Time when a program is compiled

In computing, compile time is the period of time when a compiler processes source code into other code that is more readily executable typically object code or byte code. Compile time is a phase in the operational life cycle of a program as it transitions from development to execution. The length of time it takes to compile is usually referred to as compilation time although compile time might also be used.

Compile time can be subdivided by the phases of a compiler. Most compilers have at least the following phases: syntax analysis, semantic analysis, and code generation. Many compilers include one or more optimization phases. For example, each constant expressions might be evaluated via compile-time execution to produce a value that results in improved runtime performance.

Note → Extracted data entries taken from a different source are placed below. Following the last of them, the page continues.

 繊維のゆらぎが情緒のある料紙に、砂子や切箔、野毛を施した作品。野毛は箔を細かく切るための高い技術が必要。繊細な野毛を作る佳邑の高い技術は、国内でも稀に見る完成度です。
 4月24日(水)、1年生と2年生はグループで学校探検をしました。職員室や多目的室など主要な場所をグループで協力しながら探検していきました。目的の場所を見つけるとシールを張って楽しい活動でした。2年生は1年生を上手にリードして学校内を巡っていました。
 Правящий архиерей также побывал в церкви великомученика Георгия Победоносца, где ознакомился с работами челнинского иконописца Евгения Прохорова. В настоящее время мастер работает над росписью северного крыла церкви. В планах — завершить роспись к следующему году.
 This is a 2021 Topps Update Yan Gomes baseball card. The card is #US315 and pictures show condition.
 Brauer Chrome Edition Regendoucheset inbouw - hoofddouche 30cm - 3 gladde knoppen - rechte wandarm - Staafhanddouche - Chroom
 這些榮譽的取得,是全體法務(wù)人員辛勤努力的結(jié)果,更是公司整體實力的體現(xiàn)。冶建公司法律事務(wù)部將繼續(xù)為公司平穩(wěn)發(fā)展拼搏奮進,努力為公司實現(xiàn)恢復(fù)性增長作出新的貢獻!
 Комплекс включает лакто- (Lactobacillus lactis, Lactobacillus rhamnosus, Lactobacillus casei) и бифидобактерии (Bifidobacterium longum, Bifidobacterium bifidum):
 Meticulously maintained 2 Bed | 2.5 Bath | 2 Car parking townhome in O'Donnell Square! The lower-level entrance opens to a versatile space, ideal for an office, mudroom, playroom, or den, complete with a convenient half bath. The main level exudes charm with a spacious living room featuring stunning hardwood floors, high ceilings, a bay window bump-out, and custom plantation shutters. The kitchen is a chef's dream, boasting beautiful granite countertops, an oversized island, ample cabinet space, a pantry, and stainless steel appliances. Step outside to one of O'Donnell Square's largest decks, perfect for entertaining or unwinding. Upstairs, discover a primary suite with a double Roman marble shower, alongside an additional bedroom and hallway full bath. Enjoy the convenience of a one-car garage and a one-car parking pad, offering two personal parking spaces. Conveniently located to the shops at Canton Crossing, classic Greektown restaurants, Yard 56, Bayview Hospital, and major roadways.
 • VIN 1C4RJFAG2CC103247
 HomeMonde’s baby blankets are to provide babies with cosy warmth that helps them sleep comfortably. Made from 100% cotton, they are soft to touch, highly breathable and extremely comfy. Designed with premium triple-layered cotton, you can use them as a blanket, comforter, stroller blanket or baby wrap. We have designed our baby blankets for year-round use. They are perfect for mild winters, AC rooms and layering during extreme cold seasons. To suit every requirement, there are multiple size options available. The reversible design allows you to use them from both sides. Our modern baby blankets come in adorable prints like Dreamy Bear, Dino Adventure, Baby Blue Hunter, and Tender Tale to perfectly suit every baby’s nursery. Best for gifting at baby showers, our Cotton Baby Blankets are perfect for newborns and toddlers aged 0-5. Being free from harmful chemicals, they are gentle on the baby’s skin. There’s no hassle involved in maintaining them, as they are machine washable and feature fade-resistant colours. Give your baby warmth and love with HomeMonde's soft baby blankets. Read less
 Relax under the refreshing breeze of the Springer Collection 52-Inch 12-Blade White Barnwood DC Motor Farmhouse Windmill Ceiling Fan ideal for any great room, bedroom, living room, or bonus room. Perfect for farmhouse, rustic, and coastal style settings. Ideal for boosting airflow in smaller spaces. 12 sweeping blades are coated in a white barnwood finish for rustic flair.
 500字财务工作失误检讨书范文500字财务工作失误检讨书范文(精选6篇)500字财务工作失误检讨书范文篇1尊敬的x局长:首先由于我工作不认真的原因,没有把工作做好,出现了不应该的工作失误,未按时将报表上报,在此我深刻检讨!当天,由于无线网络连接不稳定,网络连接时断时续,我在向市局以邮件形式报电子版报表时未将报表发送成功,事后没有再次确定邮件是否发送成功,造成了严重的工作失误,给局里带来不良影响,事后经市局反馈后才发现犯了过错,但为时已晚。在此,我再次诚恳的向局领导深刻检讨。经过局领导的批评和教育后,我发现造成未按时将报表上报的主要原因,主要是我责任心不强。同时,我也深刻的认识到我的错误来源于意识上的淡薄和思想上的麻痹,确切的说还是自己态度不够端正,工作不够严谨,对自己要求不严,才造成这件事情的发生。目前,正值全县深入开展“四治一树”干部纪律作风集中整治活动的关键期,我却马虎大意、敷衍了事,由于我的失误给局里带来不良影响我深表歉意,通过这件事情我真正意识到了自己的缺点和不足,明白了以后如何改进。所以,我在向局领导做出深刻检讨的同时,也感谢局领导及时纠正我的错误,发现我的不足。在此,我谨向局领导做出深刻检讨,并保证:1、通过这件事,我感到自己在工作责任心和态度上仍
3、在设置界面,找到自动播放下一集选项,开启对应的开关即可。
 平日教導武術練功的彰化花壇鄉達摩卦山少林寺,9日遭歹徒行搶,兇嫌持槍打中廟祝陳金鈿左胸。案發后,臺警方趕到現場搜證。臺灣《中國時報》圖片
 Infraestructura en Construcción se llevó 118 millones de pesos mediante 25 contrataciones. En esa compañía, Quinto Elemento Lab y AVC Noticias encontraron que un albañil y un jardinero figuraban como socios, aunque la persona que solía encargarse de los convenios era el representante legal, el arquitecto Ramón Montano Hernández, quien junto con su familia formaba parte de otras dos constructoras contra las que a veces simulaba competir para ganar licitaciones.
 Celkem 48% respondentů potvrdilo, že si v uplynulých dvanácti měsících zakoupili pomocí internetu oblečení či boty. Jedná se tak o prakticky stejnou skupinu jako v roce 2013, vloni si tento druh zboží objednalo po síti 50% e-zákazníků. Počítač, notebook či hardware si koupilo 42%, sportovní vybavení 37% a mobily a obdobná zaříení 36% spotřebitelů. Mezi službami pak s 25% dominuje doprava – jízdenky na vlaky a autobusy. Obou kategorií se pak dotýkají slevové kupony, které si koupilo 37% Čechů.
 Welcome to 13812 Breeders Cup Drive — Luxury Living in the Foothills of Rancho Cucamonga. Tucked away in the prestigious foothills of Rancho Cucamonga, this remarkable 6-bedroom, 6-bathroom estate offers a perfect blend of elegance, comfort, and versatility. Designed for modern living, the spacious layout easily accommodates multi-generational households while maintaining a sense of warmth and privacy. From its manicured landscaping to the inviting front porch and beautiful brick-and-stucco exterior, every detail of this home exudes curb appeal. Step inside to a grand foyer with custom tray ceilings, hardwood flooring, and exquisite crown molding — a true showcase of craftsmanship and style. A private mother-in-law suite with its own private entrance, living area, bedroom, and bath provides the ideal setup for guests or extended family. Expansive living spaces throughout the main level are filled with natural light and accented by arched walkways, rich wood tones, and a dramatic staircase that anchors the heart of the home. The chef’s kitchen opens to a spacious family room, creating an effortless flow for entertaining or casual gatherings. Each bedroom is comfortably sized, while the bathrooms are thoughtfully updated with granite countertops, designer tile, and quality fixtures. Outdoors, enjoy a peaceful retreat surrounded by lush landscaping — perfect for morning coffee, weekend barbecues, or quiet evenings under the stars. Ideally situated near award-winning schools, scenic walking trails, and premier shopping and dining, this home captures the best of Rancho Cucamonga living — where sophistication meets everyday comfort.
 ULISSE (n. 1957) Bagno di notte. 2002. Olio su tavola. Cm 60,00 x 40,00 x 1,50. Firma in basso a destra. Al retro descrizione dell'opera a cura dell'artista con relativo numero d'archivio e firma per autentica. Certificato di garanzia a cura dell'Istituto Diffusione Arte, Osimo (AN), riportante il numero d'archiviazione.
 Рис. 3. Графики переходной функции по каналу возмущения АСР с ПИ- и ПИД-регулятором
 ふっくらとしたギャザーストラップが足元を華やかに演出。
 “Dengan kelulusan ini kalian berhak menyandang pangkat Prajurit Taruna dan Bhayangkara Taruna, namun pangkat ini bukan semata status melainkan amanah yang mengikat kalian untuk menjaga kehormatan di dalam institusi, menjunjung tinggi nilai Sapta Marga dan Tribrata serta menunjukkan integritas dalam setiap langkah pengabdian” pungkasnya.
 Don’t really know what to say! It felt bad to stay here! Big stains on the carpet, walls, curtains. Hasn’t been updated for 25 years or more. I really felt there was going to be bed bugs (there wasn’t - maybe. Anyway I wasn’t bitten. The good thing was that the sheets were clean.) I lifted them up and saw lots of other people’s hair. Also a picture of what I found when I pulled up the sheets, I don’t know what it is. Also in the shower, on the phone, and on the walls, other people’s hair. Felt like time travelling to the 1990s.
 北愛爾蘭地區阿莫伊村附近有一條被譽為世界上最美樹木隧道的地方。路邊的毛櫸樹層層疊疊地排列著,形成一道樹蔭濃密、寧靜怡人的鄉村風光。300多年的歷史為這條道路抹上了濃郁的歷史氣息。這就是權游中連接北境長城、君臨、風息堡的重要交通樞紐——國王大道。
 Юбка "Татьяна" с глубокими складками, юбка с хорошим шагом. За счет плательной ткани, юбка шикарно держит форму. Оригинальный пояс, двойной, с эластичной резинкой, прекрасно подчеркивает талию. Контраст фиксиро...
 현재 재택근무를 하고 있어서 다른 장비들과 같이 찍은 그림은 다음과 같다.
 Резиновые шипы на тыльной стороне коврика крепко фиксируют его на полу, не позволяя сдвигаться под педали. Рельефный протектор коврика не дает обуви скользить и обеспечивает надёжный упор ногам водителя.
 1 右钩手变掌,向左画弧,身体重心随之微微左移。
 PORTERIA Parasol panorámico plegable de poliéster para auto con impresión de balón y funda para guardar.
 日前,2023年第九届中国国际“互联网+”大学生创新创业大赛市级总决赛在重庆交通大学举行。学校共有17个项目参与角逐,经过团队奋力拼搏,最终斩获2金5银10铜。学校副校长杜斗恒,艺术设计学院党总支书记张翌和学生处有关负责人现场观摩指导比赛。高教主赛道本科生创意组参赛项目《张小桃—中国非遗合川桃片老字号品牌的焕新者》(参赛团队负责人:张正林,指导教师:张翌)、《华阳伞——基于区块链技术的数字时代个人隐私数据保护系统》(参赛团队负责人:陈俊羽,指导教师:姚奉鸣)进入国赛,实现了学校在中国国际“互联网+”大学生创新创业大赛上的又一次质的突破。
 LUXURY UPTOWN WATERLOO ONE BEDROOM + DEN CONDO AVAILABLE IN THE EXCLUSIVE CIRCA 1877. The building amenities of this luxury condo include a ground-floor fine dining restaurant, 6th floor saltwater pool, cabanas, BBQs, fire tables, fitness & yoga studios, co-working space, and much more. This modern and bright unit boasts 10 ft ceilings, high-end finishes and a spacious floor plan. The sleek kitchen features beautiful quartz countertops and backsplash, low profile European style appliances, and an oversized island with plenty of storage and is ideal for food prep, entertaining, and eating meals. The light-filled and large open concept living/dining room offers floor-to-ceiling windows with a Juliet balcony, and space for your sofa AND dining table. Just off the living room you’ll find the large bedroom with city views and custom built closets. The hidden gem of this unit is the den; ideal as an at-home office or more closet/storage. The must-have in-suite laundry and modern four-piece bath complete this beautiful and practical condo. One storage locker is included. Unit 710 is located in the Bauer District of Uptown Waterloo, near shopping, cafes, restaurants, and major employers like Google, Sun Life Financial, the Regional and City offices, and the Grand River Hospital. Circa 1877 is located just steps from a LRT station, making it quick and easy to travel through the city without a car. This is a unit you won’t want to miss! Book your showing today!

Properties of a program that can be determined at compile time include range-checks (e.g., proving that an array index will not exceed the array bounds), deadlock freedom in concurrent languages, or timings (e.g., proving that a sequence of code takes no more than an allocated amount of time). For statically-typed languages such as C++, Java or Rust, types are checked at compile time to ensure type safety.

Compiling is typically part of a build process (at build time). A build may also include linking (at link time). Run time is the duration when the program is running.

Often, compilation occurs as a separate step before running a program. But with dynamic compilation, transformation to machine language happens as part of the process of running it intertwining run time and compile time. Often this is split into two distinct processes: a build-time process that converts source code to an intermediate representation (IR) and a run-time process that converts the IR to machine code.